◆ **Task prompt**
Omit the pictures and reproduce the rest of the listing exactly.

◆ **Information provided**
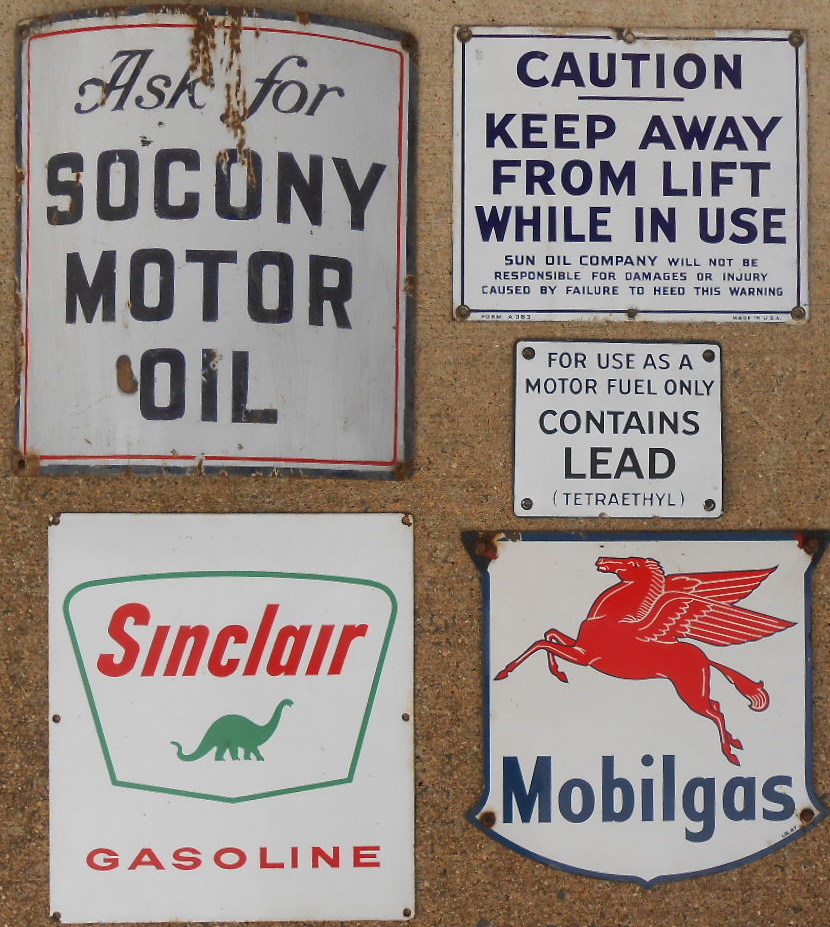5 gas pump related signs – Sinclair 12×13, Mobilgas 12×12, Socony 13×15, caution 12×10, contains 7×6
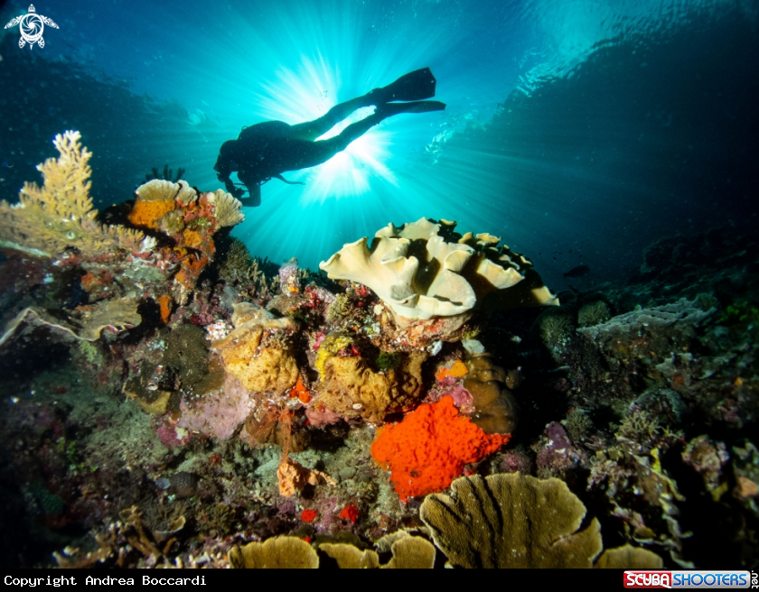 Common Name Diver over corals
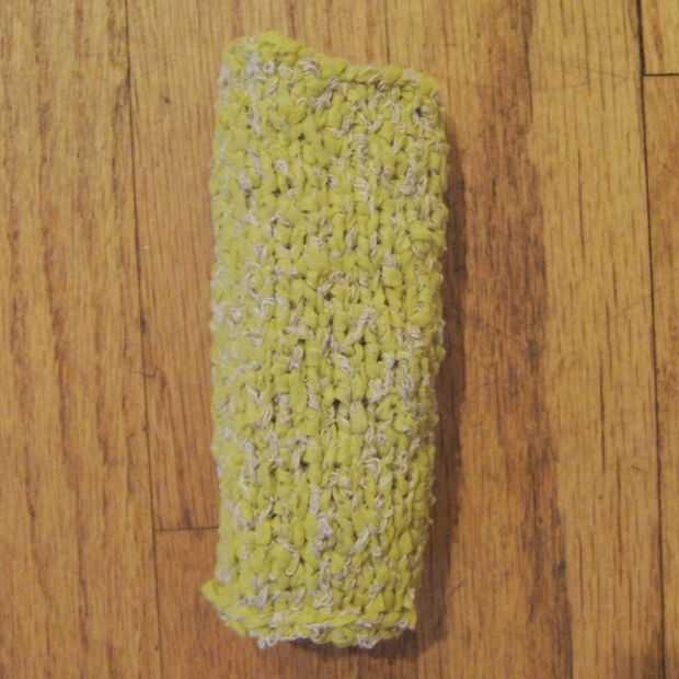 Cortar un rectángulo de entretela pesada ligeramente más corto que el tubo y cerca de 3 veces la circunferencia, ruede para arriba y colóquela dentro del tubo del punto.

◆ **Task solution**
5 gas pump related signs – Sinclair 12×13, Mobilgas 12×12, Socony 13×15, caution 12×10, contains 7×6
 Common Name Diver over corals
 Cortar un rectángulo de entretela pesada ligeramente más corto que el tubo y cerca de 3 veces la circunferencia, ruede para arriba y colóquela dentro del tubo del punto.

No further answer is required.